### Work item
Output nothing except the lines from the one containing "ਸ੍ਰੀ ਦਰਬਾਰ ਸਾਹਿਬ ਤੋਂ ਅੱਜ ਦਾ ਹੁਕਮਨਾਮਾ" through the final line of the data, both included, typed exactly, minus the pictures.

Records drawn from a dataset:

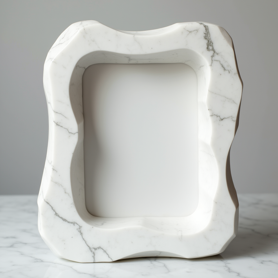 This Lian Frame features a unique and sculptural design, characterized by its wavy edges and organic forms. Unlike conventional frames with straight lines, this piece embraces a more fluid and free aesthetic, bringing dynamism and sophistication to any space. The soft gray veins running through the white marble accentuate the curves of the design, creating a sense of movement. This style could be described as "contemporary organic," a fusion of natural and modern elements, perfect for those seeking a piece that combines art and functionality in their home decor.
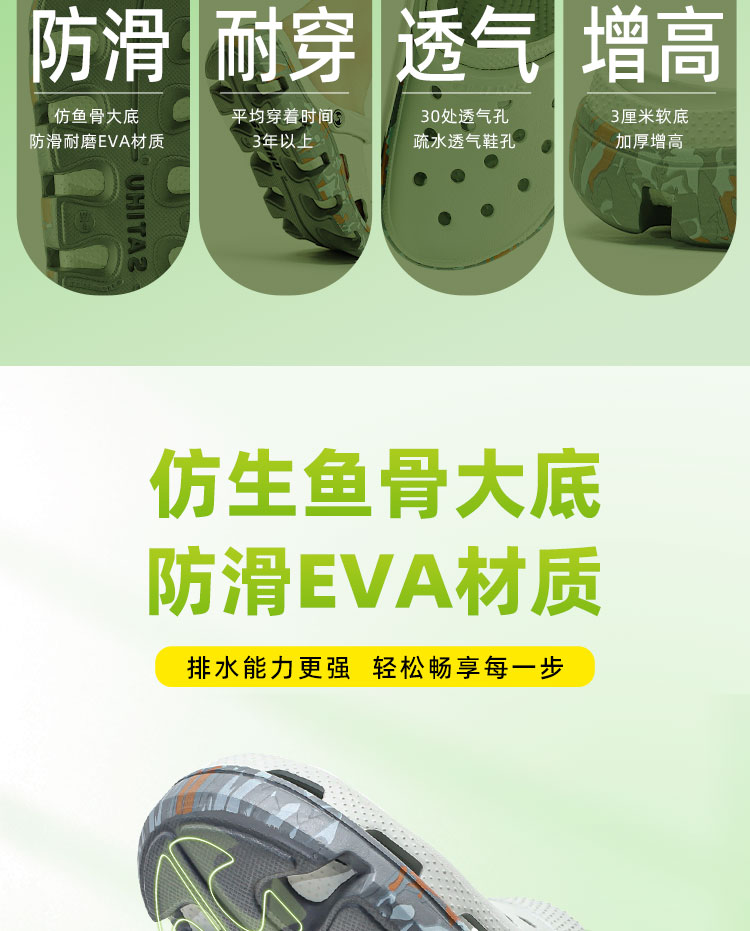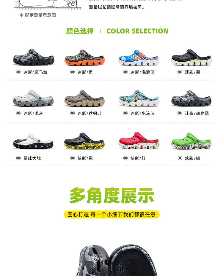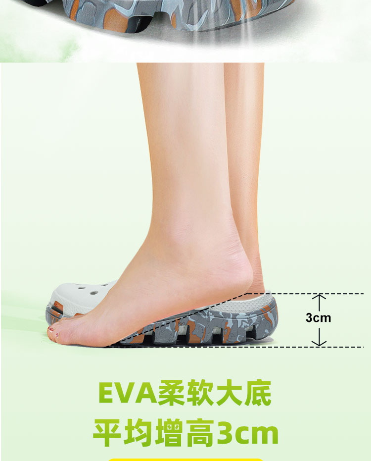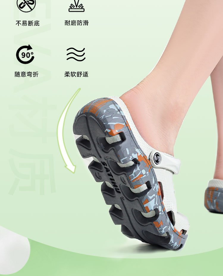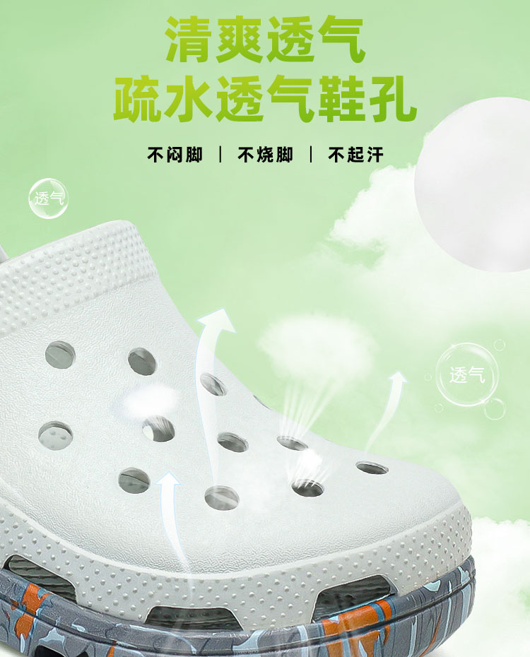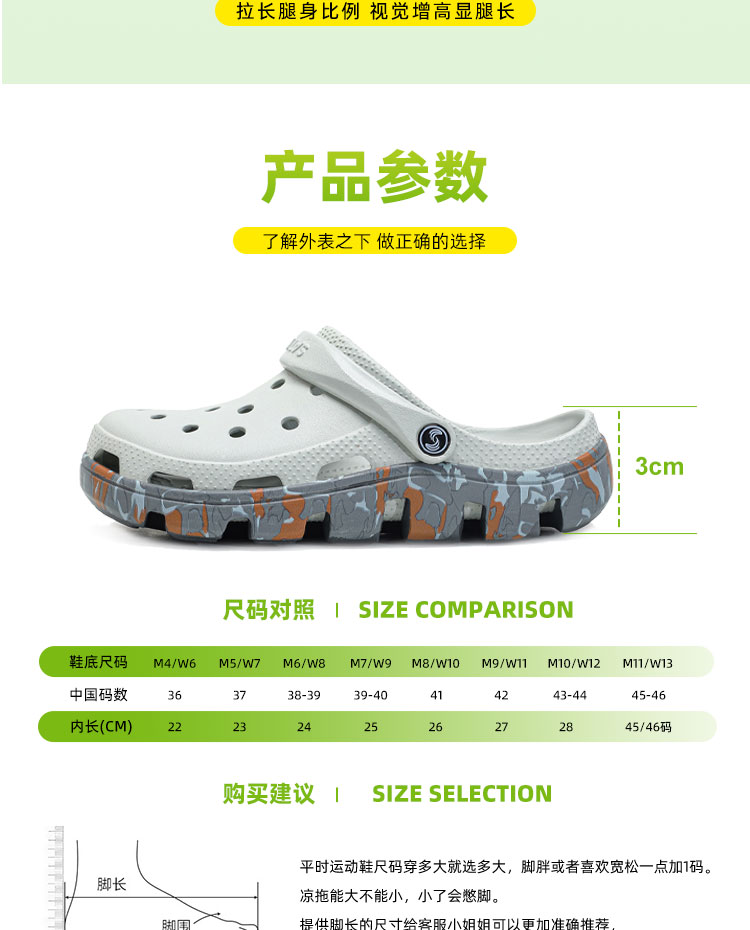 Outdoor Clogs with 3cm Thick Soles for Men and Women, Couple's Closed-Toe Sandals, Large Size, Breathable, Non-Slip Beach Shoes Cross
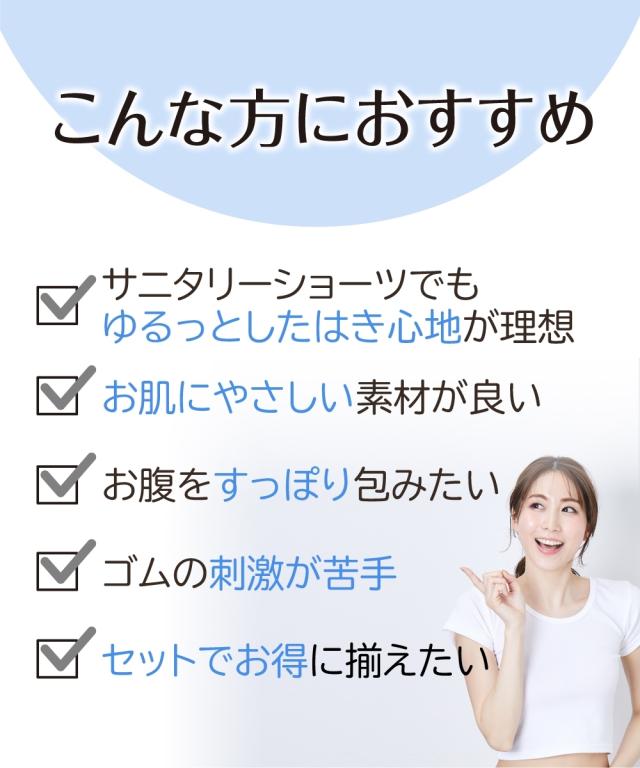 綿混ストレッチ 締め付けない深ばき丈サニタリーショーツ昼用3枚組(羽付ナプキン対応)
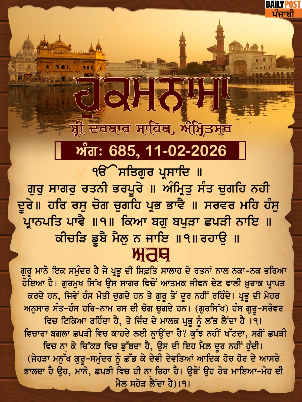 ਸ੍ਰੀ ਦਰਬਾਰ ਸਾਹਿਬ ਤੋਂ ਅੱਜ ਦਾ ਹੁਕਮਨਾਮਾ
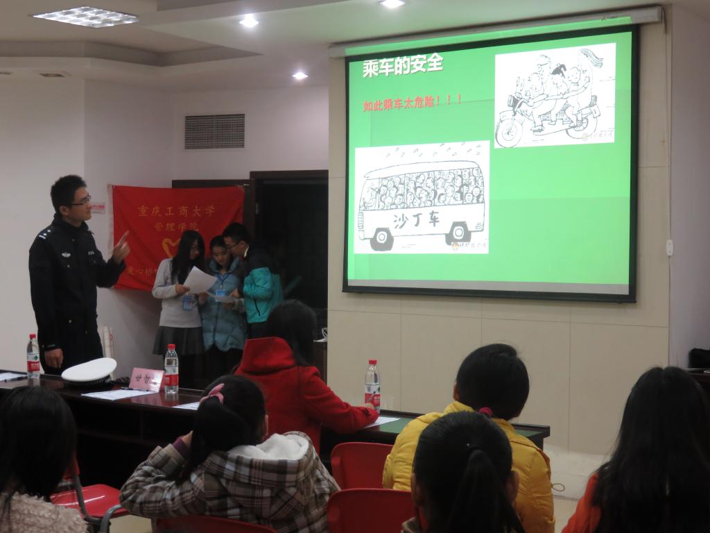 为迎接第3个全国交通日,11月29日,英国365上市公司管理公司“爱心桥”义工•志愿者协会邀请重庆市南岸分局交通警察巡逻队第八大队甘智才警官在学苑社区开展了以“关注交通安全,共建和谐社会”为主题的公益讲座。

### Answer box
 ਸ੍ਰੀ ਦਰਬਾਰ ਸਾਹਿਬ ਤੋਂ ਅੱਜ ਦਾ ਹੁਕਮਨਾਮਾ
 为迎接第3个全国交通日,11月29日,英国365上市公司管理公司“爱心桥”义工•志愿者协会邀请重庆市南岸分局交通警察巡逻队第八大队甘智才警官在学苑社区开展了以“关注交通安全,共建和谐社会”为主题的公益讲座。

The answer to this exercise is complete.